Dairy farmers Rob and Sherri Morrill are no strangers to slim margins and the struggle to get by. Low milk prices, shrinking demand, and a tangle of tariffs have taken a toll on their Penacook dairy farm, as they have at small farms across the country.
The Morrills received a ray of good news last month with the passage of the 2018 federal Farm Bill, which increased financial assistance to dairy farmers suffering from low-profit margins.
Then the government shut down.
As a result of the impasse between President Donald Trump and Democratic Congressional leaders over border wall funding, portions of the federal government have been shuttered since Dec. 22. That includes the U.S. Department of Agriculture, the agency tasked with creating the rules and regulations to allow the new insurance to take effect. Until the government reopens, the program, “Dairy Margin Coverage,” can’t pay out any of the money to farmers.

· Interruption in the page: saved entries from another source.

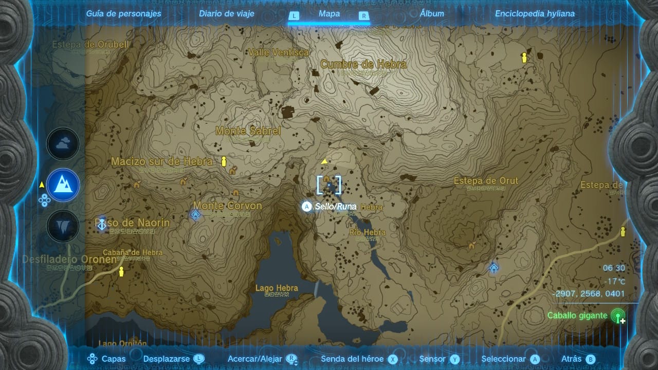 La parte inferior del set de la ventisca está escondida en la Cueva del manantial de Hebra, al este del Lago Hebra. Se encuentra justo en el vértice norte del manantial, pero no hay ninguna referencia cercana a la que valga la pena teletransportarse. Si has avanzado lo suficiente en la historia, tu mejor opción es saltar desde el templo del viento. Ten en cuenta que la cueva es, como su nombre indica, un manantial, y por lo tanto está llena de agua helada. El altar está al fondo, en la pared derecha, y tendremos que acceder a él por una oquedad que queda entre bloques de hielo inescalables. No podemos nadar ni escalar, así que tendrás que usar la imaginación. Y, si no estás muy por la labor, fabrica una balsa propulsada y una pasarela (con un par de placas de hielo bastaría).
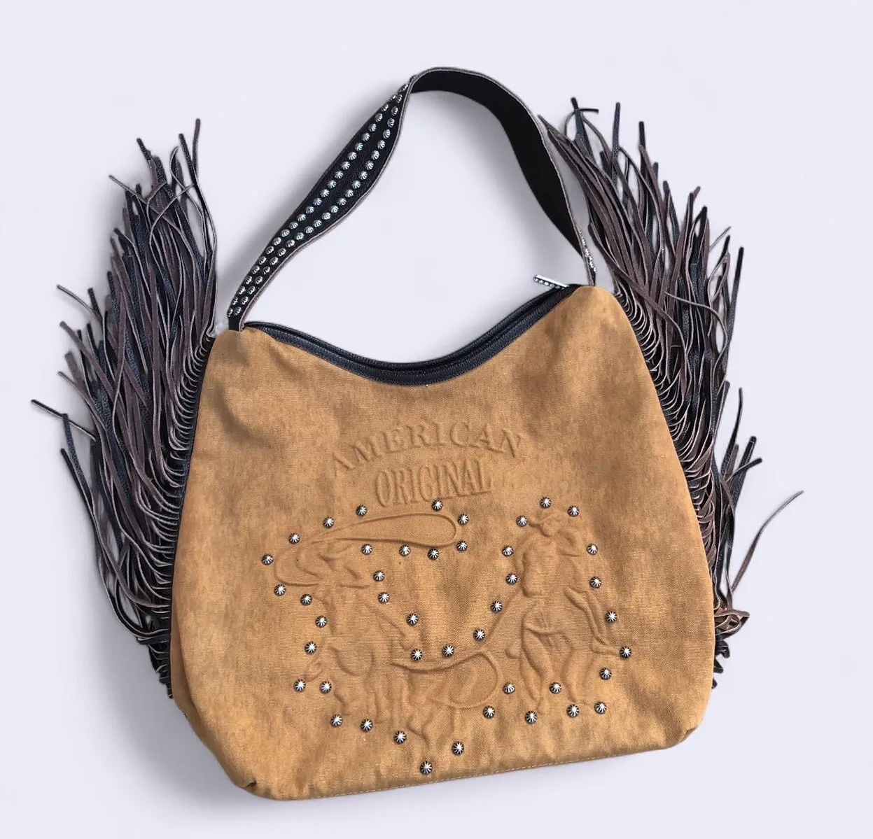 Raviani Brown Fringe Studded Bling Western Hobo Shoulder Bag Purse Cowgirl Leather Canvas American Original #Rodeo #Horse #Rancher #Farmer Measurement in pics Great condition - $339 - From Victoria
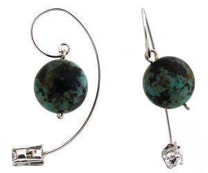 Φανταστικά σκουλαρίκια από ασημί 925 επιπλατινωμένα, με εντυπωσιακό design διακοσμημένα με τιρκουάζ πετράδι και πανέμορφο λαμπερό ζιργκόν για κούμπωμα.
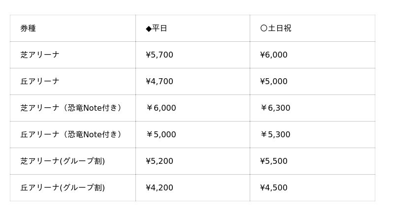 ※恐竜Note付きチケットは定価での販売となります。グループ割は併用不可。
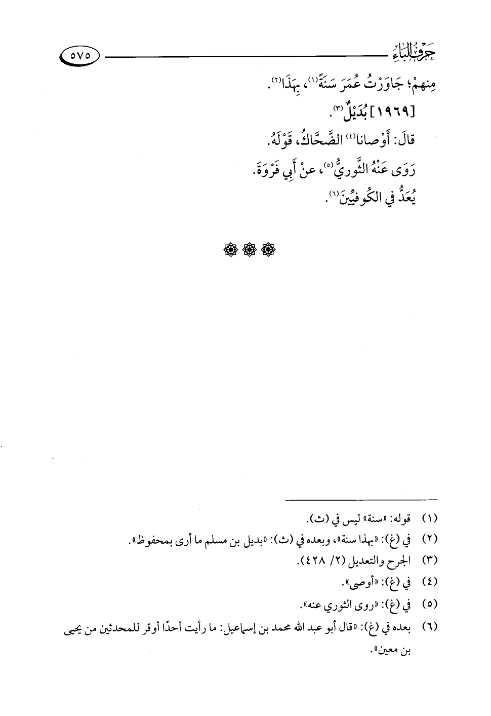 (¬٢) في (غ): "بهذا سنة"، وبعده في (ث): "بديل بن مسلم ما أرى بمحفوظ".

For the Morrills, that could mean losing out on assistance just ahead of the spring, when key payments to vendors arrive.
“That insurance money is helping to just pay everyday operating expenses,” Sherri Morrill said. “For a lot of us, it’s helping to cover payroll. It’s paying the electric bill.”
Farmers across the country have taken a hit from the government shutdown, which entered its 14th day Friday. For some around the country, the new freeze on loans has made it difficult for them to pay off past bills and plan for the next planting season. For others, like the Morrill’s, it’s the next few months that are proving to be the most critical.
The Morrills joined a crowd of 10 farmers at the New Hampshire Farm Bureau, at a roundtable event hosted by Democratic Sen. Jeanne Shaheen. They were among of several dairy farmers at the table who lamented a years-long squeeze on their operations and were pinning hopes on the Farm Bill to get them through a crunch.
“We need to get this going because farmers incur their cost for their seed and fertilizer starting in March and April,” said Bob Wellington, senior vice president for Agri-Mark, Inc, who estimated the subsidies account for 10 to 15 percent of farmers’ operating costs.
“The price of milk is really low,” he said. “But cows are going to eat the same amount. The electric bill’s going to be the same. They have so many fixed costs. Where does the money come from when the price is down? It comes from the farmers’ pockets. This helps them do that.”
He pressed Shaheen to find some way to retroactively date the dairy subsidies to Jan.1 whenever the government reopened, a suggestion the senator said she would explore.
But for now, the situation in Washington appears motionless.
On Thursday evening, House Democrats, including New Hampshire’s Annie Kuster and Chris Pappas, voted for a pair of spending bills that would reopen most of the government through the year but not give the president a requested $5 billion for the border wall. But Trump and Senate Republicans indicated they would not support the package, indicating a likely extension of the shutdown in coming days.
Until major vendor purchases appear, Rob Morrill said, it’s a waiting game.
“You’re shuffling weekly,” he said. “That’s what’s being done on a day to day basis. Juggling the money you’ve already got.”